On uniprocessor builds, it is currently assumed that any cpumask will
contain the single CPU: cpu0. This assumption is used to provide
optimised implementations.

The current assumption also appears to be wrong, by ignoring the fact
that users can provide empty cpumask-s.

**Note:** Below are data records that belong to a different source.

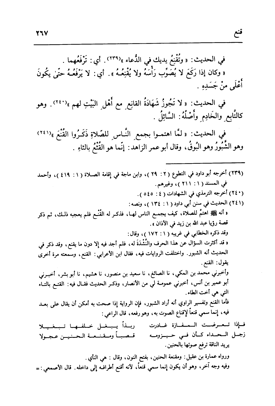 فِي الحَدِيث لما اهتموا بِجمع النَّاس للصَّلَاة ذكرُوا القنع وَهُوَ الشبور وَهُوَ البوق وَقَالَ أَبُو عمر الزَّاهِد إِنَّمَا هُوَ القثع بالثاء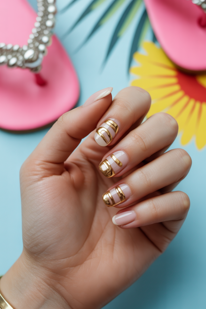 This design features shiny metallic gold nails inspired by beach sandals. The gold adds a stylish, elegant touch perfect for summer trips. It pairs well with neutral or bright colors, making it versatile for different vacation outfits. The look is simple but eye-catching for a beach vibe.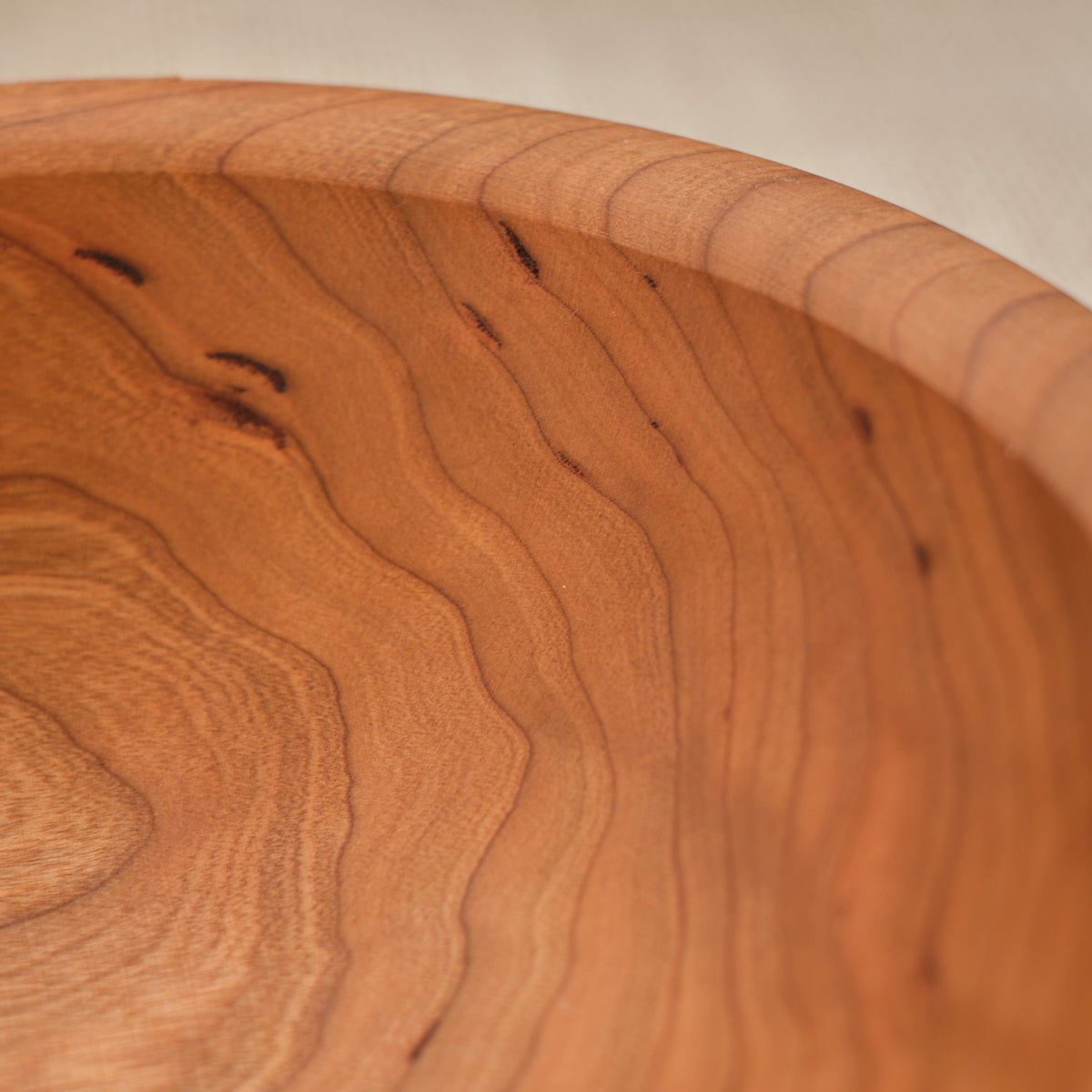 This is our classic exclusive sculpted style that mimics a bowl with a band. Each bowl is made in Michigan from a solid block of wood. Cherry wood is a beautiful, living wood that darkens with light exposure, and transforms into a deep brown red over time. Why cherry wood? It is one of the woods that grows great in Michigan.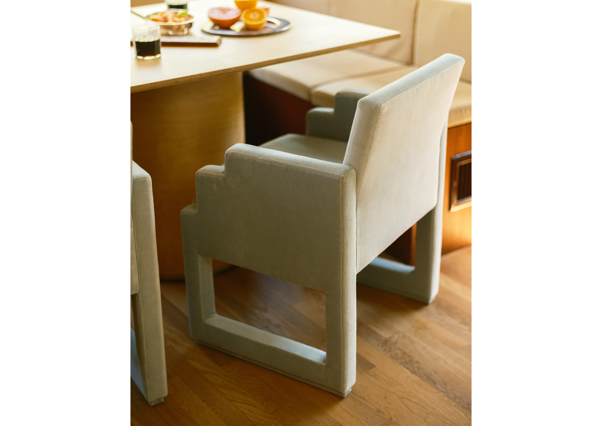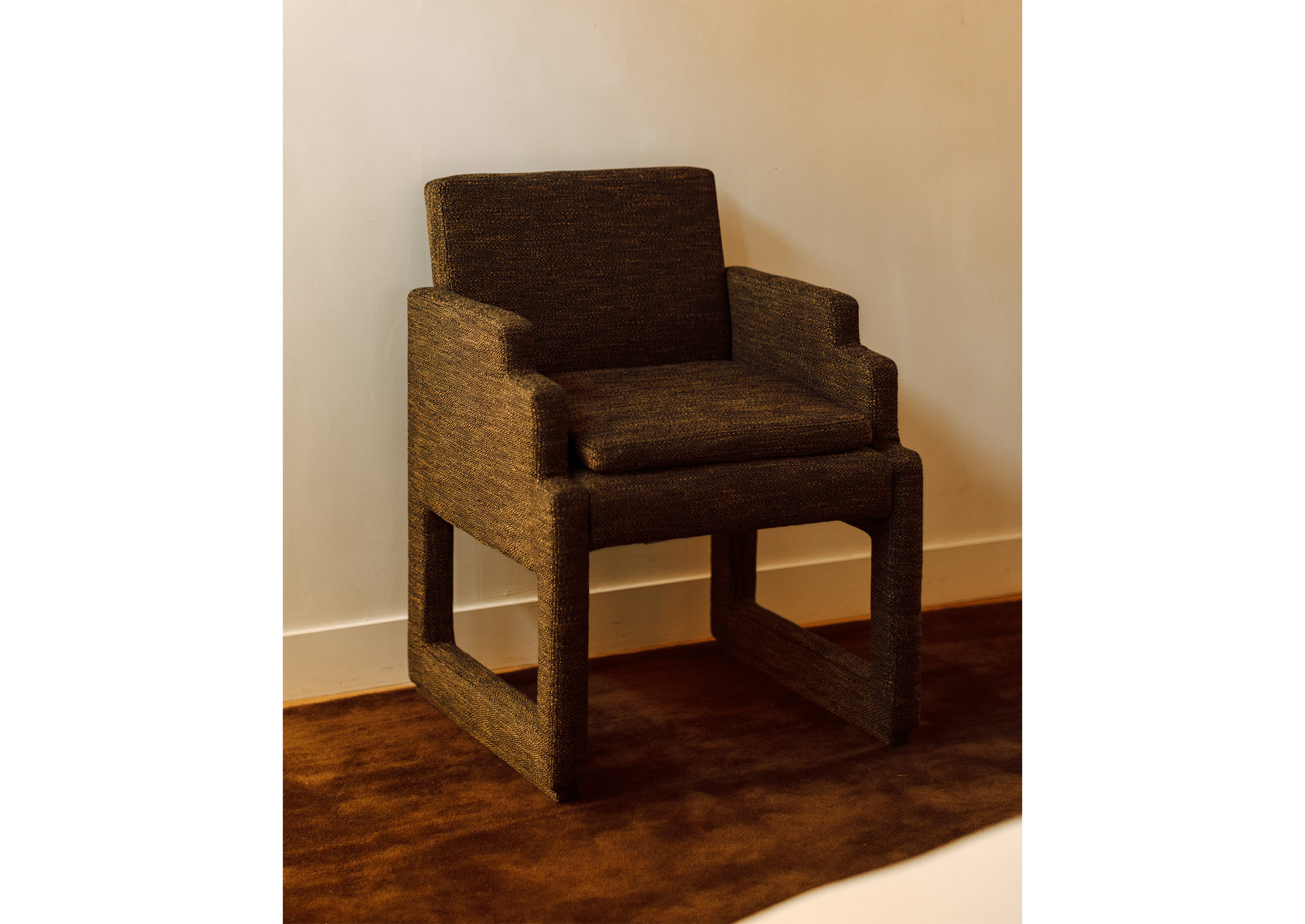 The Popro Dining Chair by Willett redefines classic dining seating with bold architectural lines and an enveloping silhouette. Fully upholstered, the chair’s blocky, cantilevered legs merge seamlessly with its angular armrests, while a loose seat cushion adds comfort and contrast. Designed with sculptural clarity, the Popro Chair pairs functional comfort with a commanding presence.

This can result in bugs as
explained in [1].

This series seeks to fix this assumption, allowing for masks that
contain at most cpu0, i.e. are "1" or "0".

[1] https://lore.kernel.org/all/20220530082552.46113-1-sander@svanheule.net/

Best,
Sander

---
To test these changes, I used the following code:

static void cpumask_test(const struct cpumask *mask)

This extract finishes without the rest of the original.